Judith McDonald says her brother, Andrew Southam, who has autism and an intellectual disability, has benefited from an environment free of restraint.Credit:Eddie Jim

But for Mr Southam, who has autism as well as intellectual disability, living in a small house with four men with significant disabilities triggered anxiety, mood changes and “controlling” behaviours, such as wanting to be the only person sitting at the dinner table.

Added to that, says Mrs McDonald, there was the cigarette burns she found on his thigh, physical aggression from other residents and staff, casual workers who didn’t know her brother’s needs and a powerfully sedating antipsychotic drug – administered to chemically restrain him – that began negatively affecting his movement and already limited speech.

New figures show thousands of Australians with disabilities are, like Mr Southam was, regularly being subjected to controversial restraint practices, with the NDIS Quality and Safeguards Commission revealing more than 300,000 unauthorised restraints occurred in 2019-20.

More than half of those incidents involved chemical restraint: the often-harmful use of psychotropic medication, frequently prescribed off-label, to sedate or otherwise control people with disabilities.

Clinical guidelines warn the use of chemical restraint lacks good evidence and has long been linked by research to serious adverse effects, including metabolic diseases, cardiovascular risk and death.
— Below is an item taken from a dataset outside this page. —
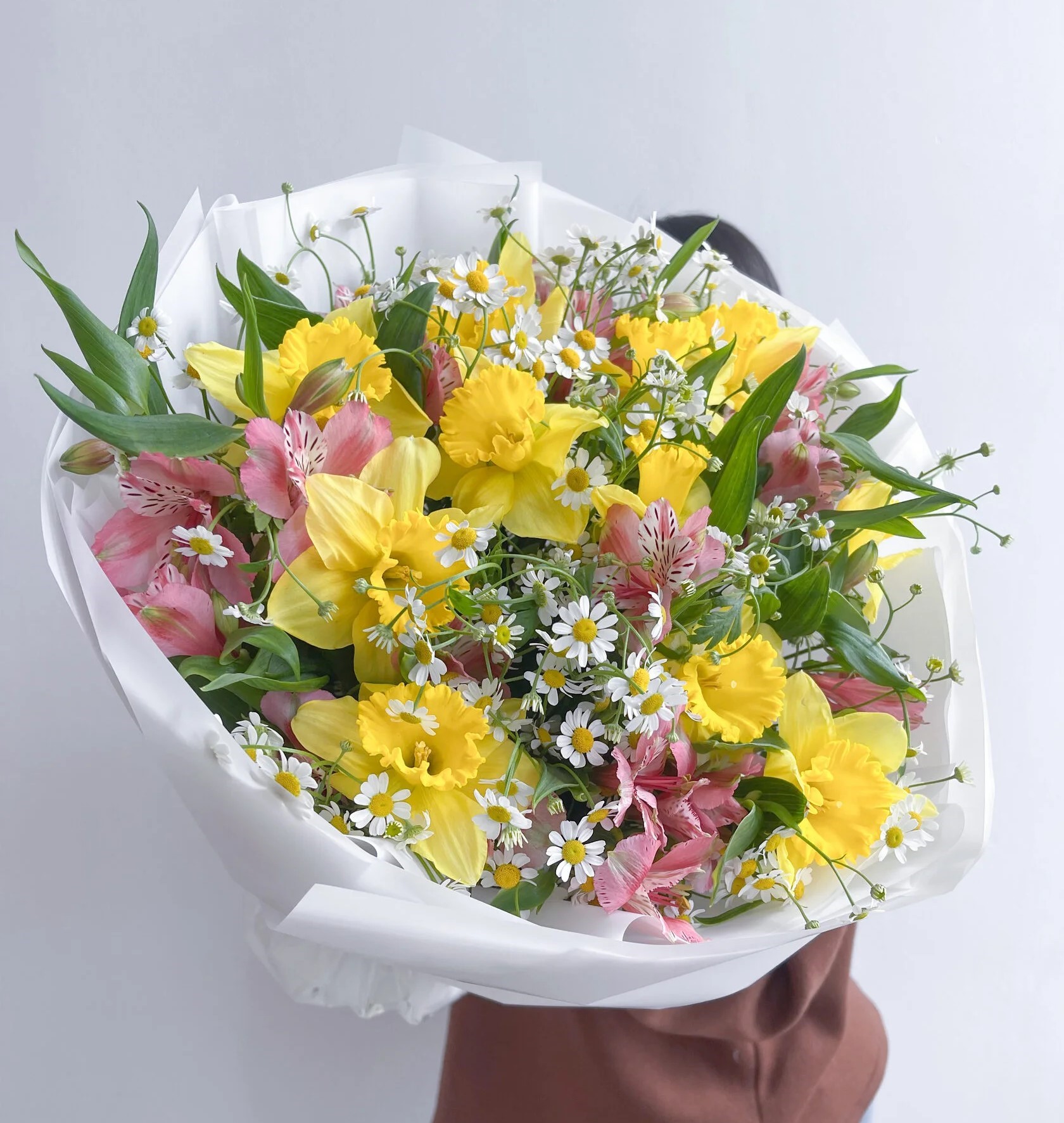 Состав: нарцисс - 10 шт, альстромерия - 7 шт, танацетум - 8 шт, фисташка - 2 шт. упаковка

Mrs McDonald said it was the rushed morning routines when, groggy from the effects of the previous night’s medication and lacking the “processing time” his disabilities required, Mr Southam was tipped over the edge.
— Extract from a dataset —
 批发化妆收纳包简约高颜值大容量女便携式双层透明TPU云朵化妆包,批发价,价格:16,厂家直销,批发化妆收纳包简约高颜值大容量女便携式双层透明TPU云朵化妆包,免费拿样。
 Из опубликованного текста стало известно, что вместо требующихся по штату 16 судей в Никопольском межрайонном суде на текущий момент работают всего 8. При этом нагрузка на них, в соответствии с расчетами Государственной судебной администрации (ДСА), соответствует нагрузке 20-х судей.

His distress spiking suddenly, he began refusing to leave the house, lashing out at other residents and entering their bedrooms and pulling their hair.

A lock went onto the door of his bedroom, and he’d be regularly secluded inside it.

He started overturning furniture.

Visits to a psychiatrist were organised, where the provider sent their staff along to do the talking, and the list of his psychotropic medications was expanded: two sedating antipsychotics, Valium “as needed” and two mood stabilisers.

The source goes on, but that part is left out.